# WORK TASK
Locate "Les week-ends des" in the listing. Transcribe the line that contains it and every line that follows, through the last, omitting all pictures.

# EXERCISE INPUTS
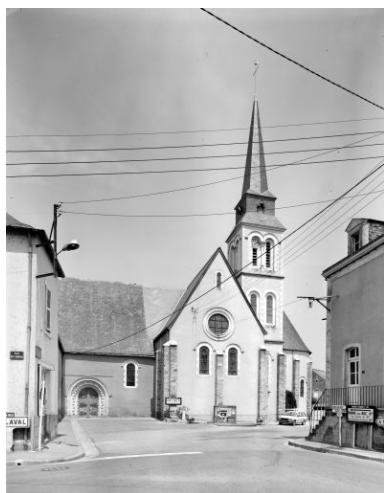
Vue d'ensemble de l'église depuis le sud avant la découverte des thermes.
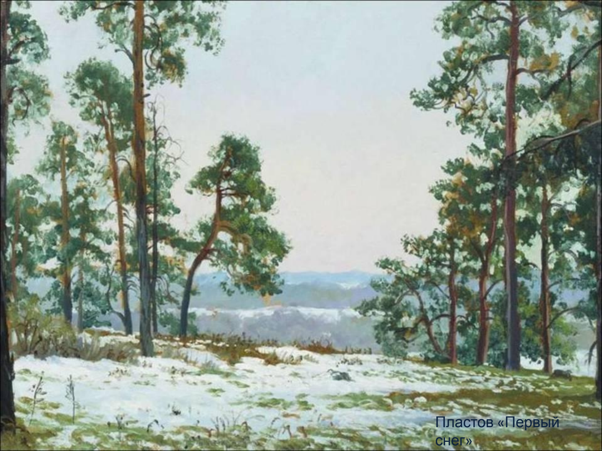
Пластов «Первый снег»
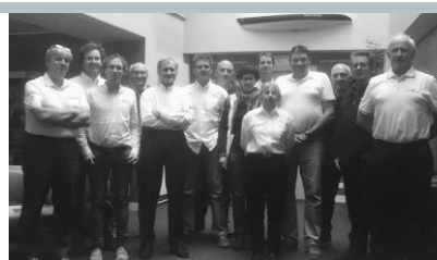
Umpires 3 et 4 février

Les week-ends des 16 et 17 décembre et 3 et 4 février, ont eu lieu les formations nationales continues des arbitres nationaux, organisées par la Commission Centrale d'Arbitrage. 33 juges, 11 umpires, 53 comités de courses et 16 comités techniques étaient présents. Merci aux 8 formateurs qui ont encadré ces formations.
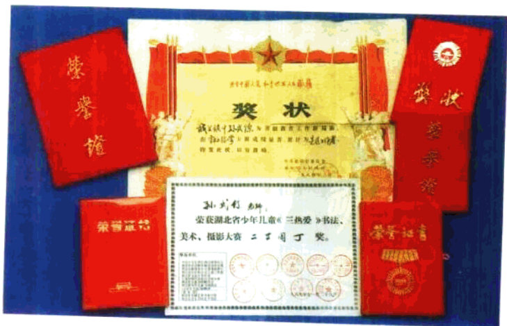
获得的部分奖状和荣誉证书

# FINAL ANSWER
Les week-ends des 16 et 17 décembre et 3 et 4 février, ont eu lieu les formations nationales continues des arbitres nationaux, organisées par la Commission Centrale d'Arbitrage. 33 juges, 11 umpires, 53 comités de courses et 16 comités techniques étaient présents. Merci aux 8 formateurs qui ont encadré ces formations.
获得的部分奖状和荣誉证书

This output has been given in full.